**** Record set

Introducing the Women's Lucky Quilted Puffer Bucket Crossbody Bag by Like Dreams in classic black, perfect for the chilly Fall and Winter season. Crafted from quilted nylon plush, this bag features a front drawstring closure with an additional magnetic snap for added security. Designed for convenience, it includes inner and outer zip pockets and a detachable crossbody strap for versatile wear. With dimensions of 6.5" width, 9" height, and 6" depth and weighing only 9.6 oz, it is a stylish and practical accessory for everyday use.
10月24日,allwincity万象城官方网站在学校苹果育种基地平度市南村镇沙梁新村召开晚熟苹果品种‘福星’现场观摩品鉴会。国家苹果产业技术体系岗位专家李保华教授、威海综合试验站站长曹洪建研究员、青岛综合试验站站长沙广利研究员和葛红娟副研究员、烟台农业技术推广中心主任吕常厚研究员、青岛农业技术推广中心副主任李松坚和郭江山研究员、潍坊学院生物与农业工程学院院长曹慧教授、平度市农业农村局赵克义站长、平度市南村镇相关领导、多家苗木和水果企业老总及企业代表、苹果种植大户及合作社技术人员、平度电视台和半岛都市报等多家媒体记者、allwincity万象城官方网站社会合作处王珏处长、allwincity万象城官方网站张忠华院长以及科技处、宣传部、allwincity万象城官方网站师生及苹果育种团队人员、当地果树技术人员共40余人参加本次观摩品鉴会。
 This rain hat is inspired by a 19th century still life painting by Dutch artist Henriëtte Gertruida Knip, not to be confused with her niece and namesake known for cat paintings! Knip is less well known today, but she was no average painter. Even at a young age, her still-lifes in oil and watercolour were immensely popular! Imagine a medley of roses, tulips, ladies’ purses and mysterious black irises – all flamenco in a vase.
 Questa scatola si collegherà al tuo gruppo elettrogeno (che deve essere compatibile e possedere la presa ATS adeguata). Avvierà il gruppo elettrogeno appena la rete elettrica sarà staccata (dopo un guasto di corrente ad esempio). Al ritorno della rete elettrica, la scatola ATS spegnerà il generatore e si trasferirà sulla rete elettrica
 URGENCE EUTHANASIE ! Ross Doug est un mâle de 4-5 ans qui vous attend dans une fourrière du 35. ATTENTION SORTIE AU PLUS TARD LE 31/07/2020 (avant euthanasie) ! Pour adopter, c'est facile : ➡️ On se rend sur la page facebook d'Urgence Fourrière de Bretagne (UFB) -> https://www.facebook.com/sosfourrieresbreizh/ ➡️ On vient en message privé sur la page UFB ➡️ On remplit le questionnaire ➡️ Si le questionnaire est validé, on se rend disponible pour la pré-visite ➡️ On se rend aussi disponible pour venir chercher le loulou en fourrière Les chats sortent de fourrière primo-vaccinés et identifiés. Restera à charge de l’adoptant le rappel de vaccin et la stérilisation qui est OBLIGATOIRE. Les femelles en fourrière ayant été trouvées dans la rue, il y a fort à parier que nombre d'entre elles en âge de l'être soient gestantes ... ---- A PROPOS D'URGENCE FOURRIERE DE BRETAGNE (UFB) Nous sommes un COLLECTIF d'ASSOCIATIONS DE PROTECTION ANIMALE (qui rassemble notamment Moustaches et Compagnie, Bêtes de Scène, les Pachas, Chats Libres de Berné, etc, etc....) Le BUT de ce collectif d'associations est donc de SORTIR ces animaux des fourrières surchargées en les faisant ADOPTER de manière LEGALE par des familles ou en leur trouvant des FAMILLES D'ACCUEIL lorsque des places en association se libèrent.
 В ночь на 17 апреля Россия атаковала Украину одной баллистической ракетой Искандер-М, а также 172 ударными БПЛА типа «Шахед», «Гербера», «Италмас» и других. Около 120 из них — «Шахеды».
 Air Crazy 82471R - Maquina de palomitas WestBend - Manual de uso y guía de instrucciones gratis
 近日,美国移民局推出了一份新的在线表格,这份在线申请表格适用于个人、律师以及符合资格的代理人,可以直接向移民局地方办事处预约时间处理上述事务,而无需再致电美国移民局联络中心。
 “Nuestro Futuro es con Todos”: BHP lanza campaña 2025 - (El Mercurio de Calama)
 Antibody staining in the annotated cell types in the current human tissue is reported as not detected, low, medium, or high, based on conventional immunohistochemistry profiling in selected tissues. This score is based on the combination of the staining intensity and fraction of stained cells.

********

From the records above, print exactly the lines that run from the line with "В ночь на 17" to the line with "近日,美国移民局推出了一份新", inclusive.

 В ночь на 17 апреля Россия атаковала Украину одной баллистической ракетой Искандер-М, а также 172 ударными БПЛА типа «Шахед», «Гербера», «Италмас» и других. Около 120 из них — «Шахеды».
 Air Crazy 82471R - Maquina de palomitas WestBend - Manual de uso y guía de instrucciones gratis
 近日,美国移民局推出了一份新的在线表格,这份在线申请表格适用于个人、律师以及符合资格的代理人,可以直接向移民局地方办事处预约时间处理上述事务,而无需再致电美国移民局联络中心。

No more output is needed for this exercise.